After having problems following the ldap guide (and hearing 2 other people say they had problems as well) I rewrote it to make it a little easier to follow. I seperated the examples into role based sections and added a little introduction. lcars, some of the content I added may be wrong, can you review this for technical accuracy? Also, can you add a few examples to the infra section showing how to add users to groups. For instance, adding someone to the wheel group. I added a section called "LDAP administration" but I left it blank. If you want to and have the time you can add some Gentoo specific examples of administrating the LDAP server, whatever you think may be important. If you don't have time or think it's unnecessary we can just remove that section. If there is anything you want added or removed or reworded, etc.. let me know. recruiters, can you review the recruiters section and see if there is any information missing that a new recruiter may need/want to know?

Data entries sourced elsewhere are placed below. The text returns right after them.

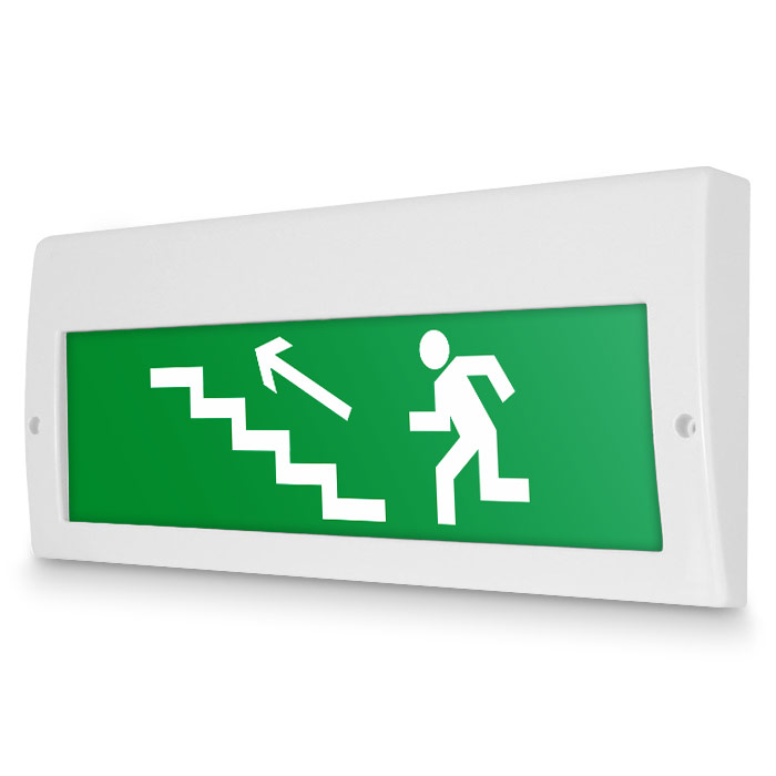 Световое табло «Направление к эвакуационному выходу по лестнице вверх (левосторонний)», Молния (220В РИП) в Верее купить
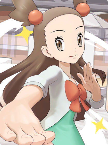 En gagnant des points d'amitié avec ce personnage via les Interactions au Salon des Dresseurs, vous pouvez obtenir des photos. Un cadre spécial à l'effigie de son Pokémon est également déblocable si vous possédez le Duo correspondant au niveau de capacités 5.Photo de scène
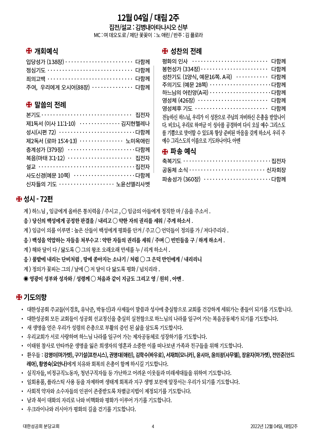 교회 주보 대림 2주일 by 분당교회 2022. 12. 4. 성공회 분당교회 교회주보 2022년 12월 04일 공유하기 게시글 관리 대한성공회 분당교회 '교회 주보' 카테고리의 다른 글 대림 4주일 (0) 2022.12.18 대림 3주일 (0) 2022.12.11 대림1주일 (0) 2022.11.27 연중 32주일 (0) 2022.11.06 연중 30주일 (0) 2022.10.25 관련글 대림 4주일 대림 3주일 대림1주일 연중 32주일 댓글
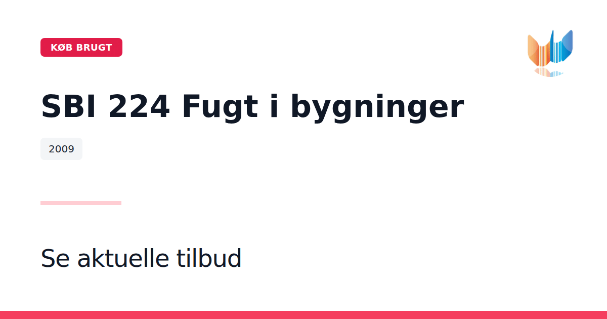 SBI 224 Fugt i bygninger er en vejledende publikation, der giver et solidt grundlag for at håndtere fugtrelaterede udfordringer i både nybyggeri og renoveringsprojekter. Bogen byder på en gennemgang af luftfugtighed, materialernes fugtbalance samt metoder til beregning af fugttransport. Vejledningen retter sig mod projekterende, rådgivere og udførende og gør det muligt at evaluere en bred vifte af konstruktioner ud over de eksempler, der præsenteres. Desuden indeholder den praktiske eksempler på udformning af konstruktioner i kældre, krybekældre, terrændæk, ydervægge, vinduer og tage, samt hvordan man kan afhjælpe eksisterende fugtskader.
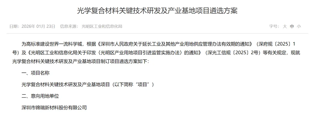 1月23日,深圳市光明区工业和信息化局披露《光学复合材料关键技术研发及产业基地项目遴选方案》。
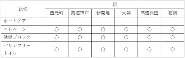【神戸高速線の主なバリアフリー設備の整備状況】
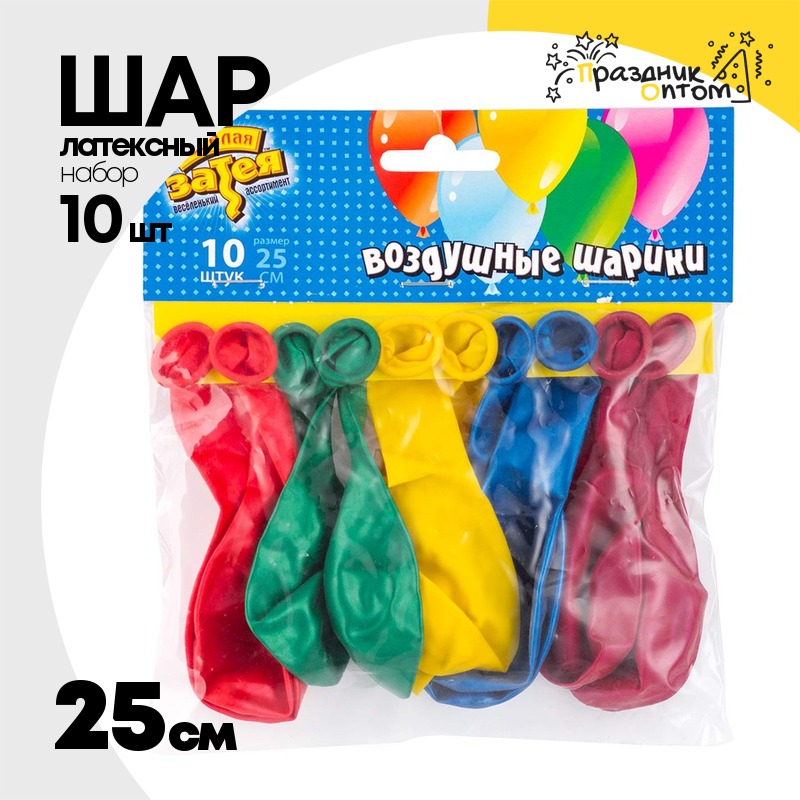 Шар латексный Набор 10 шт Металлик 25 см (Ассорти)
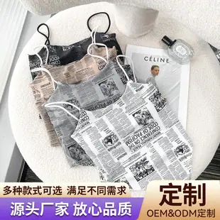 Camisola de Seda de Hielo con Estampado Irregular de Periódico Camisola Chaleco para Mujer Capa Interior Estilo Delgado Se Puede Usar Afuera Ropa Interior Básica Anti-Exposición
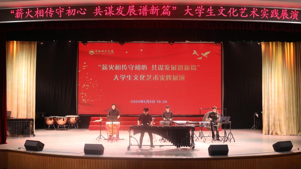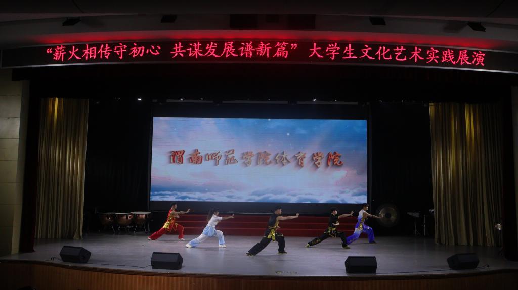 展演在打击乐《鼓动中国》中拉开帷幕,共分上下两个篇章。来自音乐学院、莫斯科艺术学院、体育学院、外国语学院的13个节目,主题鲜明、催人奋进。展演以悠扬的器乐、婉转的唱腔、灵动的歌舞、深情的诵读、精彩的武术等丰富多彩的艺术形式,展现了渭师青年与时代同向、与祖国同行,胸怀家国、奋力逐梦的价值追求,展示了渭师学子朝气蓬勃、自信昂扬、奋发进取的精神风貌,进一步展示出bat365官网六十四载立德树人守初心,深耕教育践使命的坚守,生动地呈现了bat365官网寓思政教育于文化活动之中,不断加强校园文化品牌建设,打造富有渭师范特色的全覆盖、高质量美育体系取得的实效。
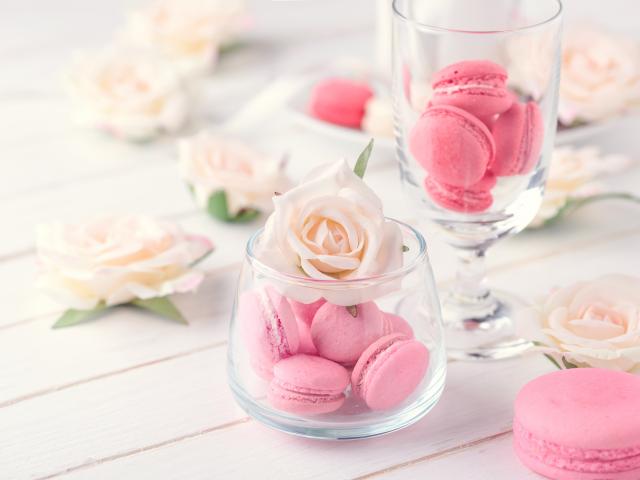 Wallpaper Pink pasta dessert in a vase with a rose
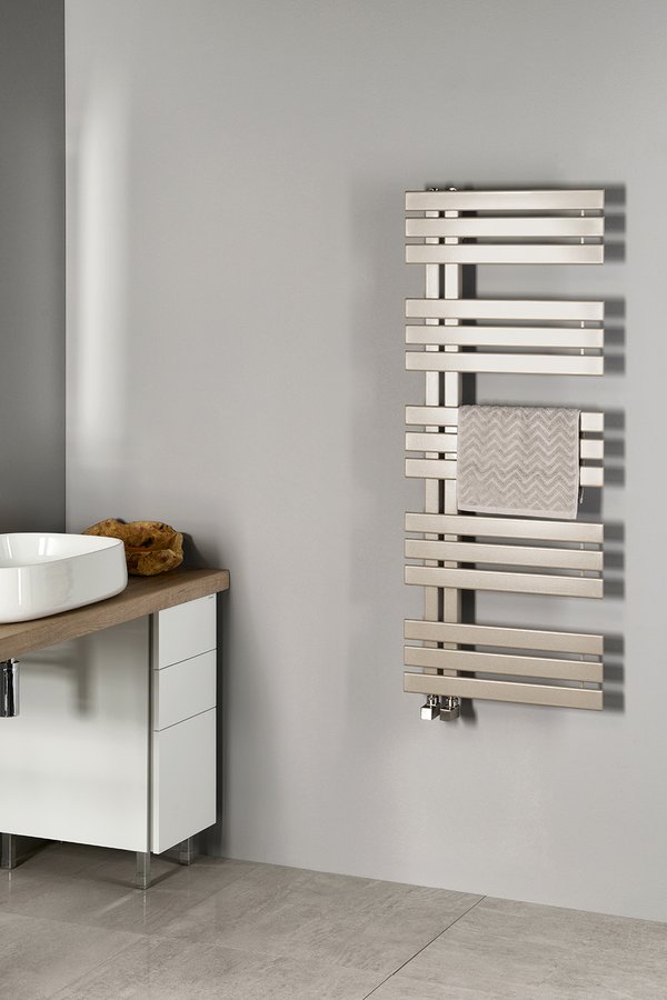 Nevšední provedení s hranatými profily umocňuje technickou eleganci radiátoru Sapho Silvana. Radiátor lze zavěsit oboustranně a můžete si tak zvolit levou nebo pravou variantu instalace.
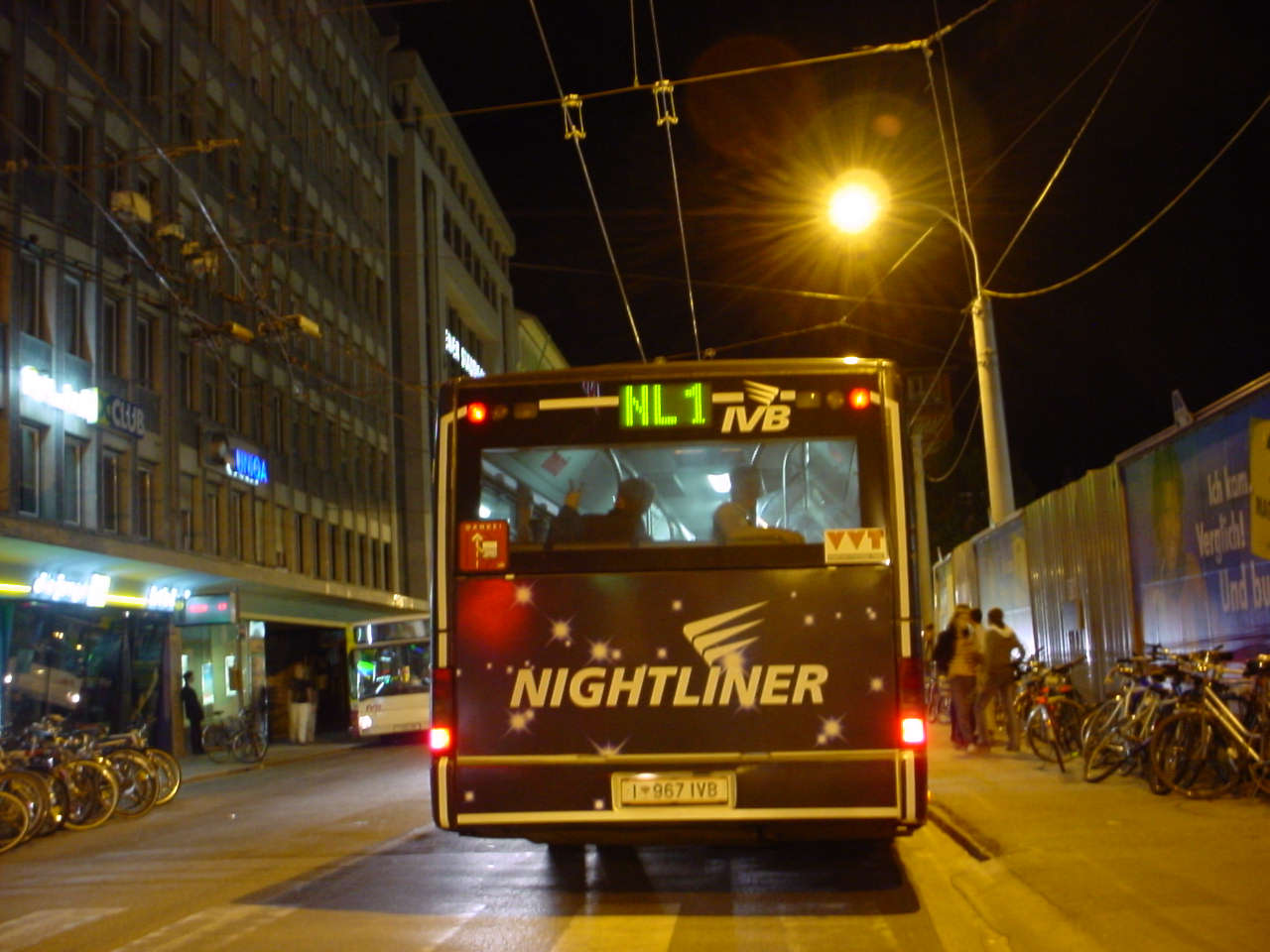 benützen) mit dem Auto durch die Stadt gegondelt um die Nightliner zu
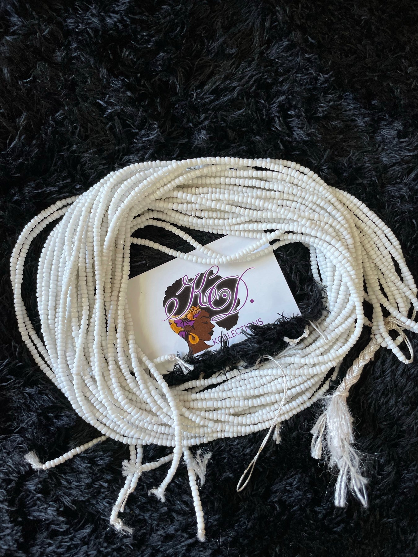 Waist beads are a traditional African accessory that consist of small glass beads on a string or wire worn around the waist or hips. They come in different colors and shapes and may also include decorative stones, crystals, or charms.
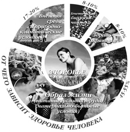 Здоровье – образ жизни, здравоохранение, генетика человека, внешняя среда (%)
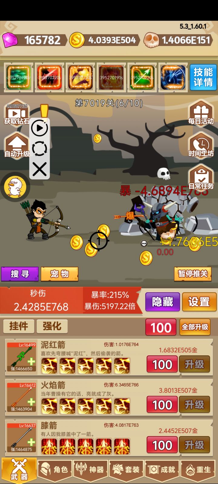 说白了就是广告奖励看完武器啥的自动升级,然后重生完就可以下线了,等8个小时10个小时的再上。游戏还可以,前期要点的多,一直升级基本上点到差不多2w次就不用再点了,希望出个离线自动挂到最高关卡,游戏元素较少。个人感觉游戏里的各种谐音梗是最大的亮点了,内涵值点满,希望能更新更多有意思的东西吧!同时期待尽早加入账号系统,今天模拟器出问题,玩了三天的数据全没了,存档啥的都没了,等账号系统出了再接着玩吧,加油!但是,同元素的东西如果只是单纯的累加慢慢的也就没意义了。因为提升效果不显著了,螃蟹战争和点杀泰坦等出台了竞技系统,想参加的就得转生,这样略微显得不会枯燥。设计的精巧不在于一开始多么爽快,而在于数值设定的巧妙,玩家感受到压力的时候,能稍微努力就能越过障碍,这样的熟悉游戏,更深刻,而且是要大部分都能非常明确知道的,总有压力,总有能翻越的障碍,也就总会有人行动了。
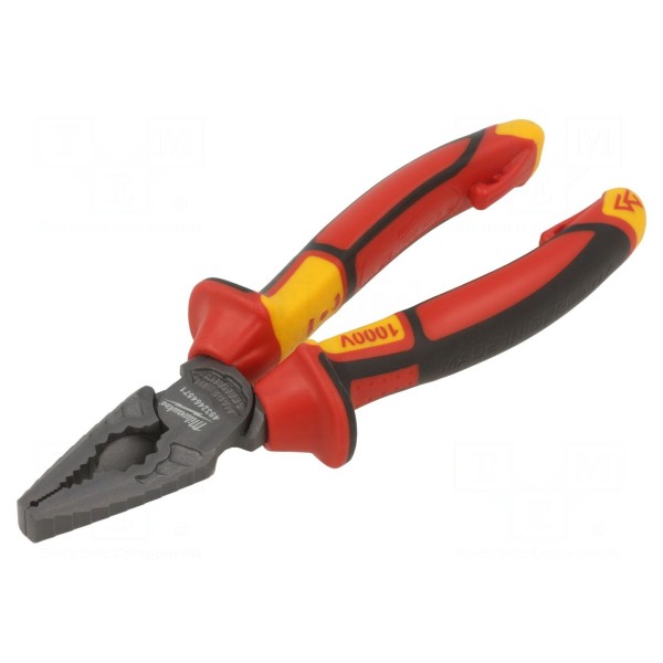 Szczypce uniwersalne typu izolowanego przeznaczone do prac elektrycznych. Narzędzie o długości 165mm wykonane zostało zgodnie z wymogami normy VDE, co zapewnia bezpieczeństwo przy pracach pod napięciem.
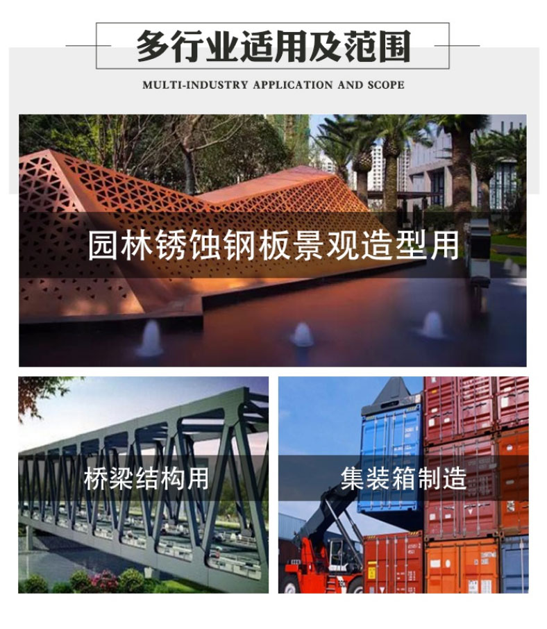 耐候板即耐大氣腐蝕鋼,是介于普通鋼和不銹鋼之間的低合金鋼系列,耐候鋼由普碳鋼添加少量銅、鎳等耐腐蝕元素而成,具有優質鋼的強韌、塑延、成型、焊割、磨蝕、高溫、抗疲勞等特性。
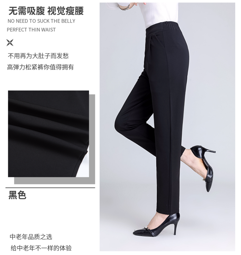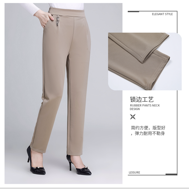 Middle-aged and elderly mother pants spring and autumn women's trousers high waist elastic loose straight outer wear middle-aged summer women's trousers
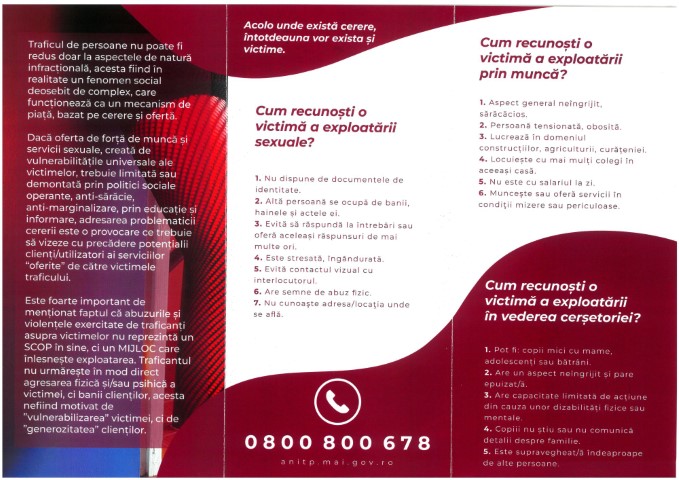 Astfel, Compartimentul Intervenție în Situații de Urgență și Prevenire Marginalizare Socială distribuie, în toate cartierele din municipiul Deva și la sediile serviciilor sociale, materiale informative ce conțin atât mesaje anti-trafic de persoane și de prevenire a acestor infracțiuni, cât și modalități de recunoaștere a victimelor exploatării. Totodată, în pliantele și afișele distribuite se regăsește numărul liniei TelVerde la care pot fi semnalate cazurile de trafic de persoane – 0800.800.678.

Created attachment 81740 [details] New ldap.xml attached ldap.xml view online: http://dev.gentoo.org/~curtis119/ldap.html
heh, I like it
I already noticed some errors in the first section about how recruiters and infra bind. I'll fix those tomorrow after some sleep. Also, I added sparrow to the list of servers that have been migrated to LDAP since I knew about it (are the services I have listed for it correct?). If there are any other boxes that have been migrated and need to be added let me know.
I don't know about sparrow, Lance can you help us for that list? Please remove "The certificates are specified via .ldaprc file in your /home/$USER directory. Removing that file is a Bad Thing." that's no longer the case. The "Organizational Units" paragraph misleading, recruiters should *always* bind as recruiters even if they are users and so on. This was clear in the old ldap.xml in "key concepts", I really don't know why a rewrite felt necessary. "All write operations performed by one user against another user must be performed on ldap1.gentoo.org, so be logged on to roadrunner.gentoo.org via ssh." << this is hidden later in the text, it should be clearly specified in the beginning imho. To be honest I find this version too verbose with example and confusing, I'd rather have people learning by understanding the concepts rather than having tons of examples. The current guide requires careful reading but once you do that you are fine. I know that people had some problems with it but only because they didn't read it carefully...not beacuse it was wrong and/or incomplete. Needless to say I still appreciate the effort. Infra, recruiters please comment. Btw, the new layout inherited by website redesign is quite poor compared to the old one, but I guess there's nothing we/you can do about it.
We don't manage groups yet. So I don't have examples for it yet.
Created attachment 82440 [details] ldap.xml I had a chat with lcars and have made the changes he requested here in the bug and a few other things. lcars, please review this and make sure I haven't left anything out and that everything is technically correct. I also rearranged a few sections, let me know if it is OK. Recruiters, I made some changes to your section. Please review it and give feedback. ldap.xml is attached. Viewable online at http://dev.gentoo.org/~curtis119/ldap.html
lcars, can I commit this?
commit away
I officially resign my role in maintaining that doc. Please feel free to do whatever you want with it and close this bug. My interpretation of it and expectations about our devs' reading abilities are obviously misplaced.
New version is being discarded in favor of the original. Closed as fixed.
Per an email conversation with lcars the draft attached here (ldap.xml 2006-03-17) has been commited to CVS.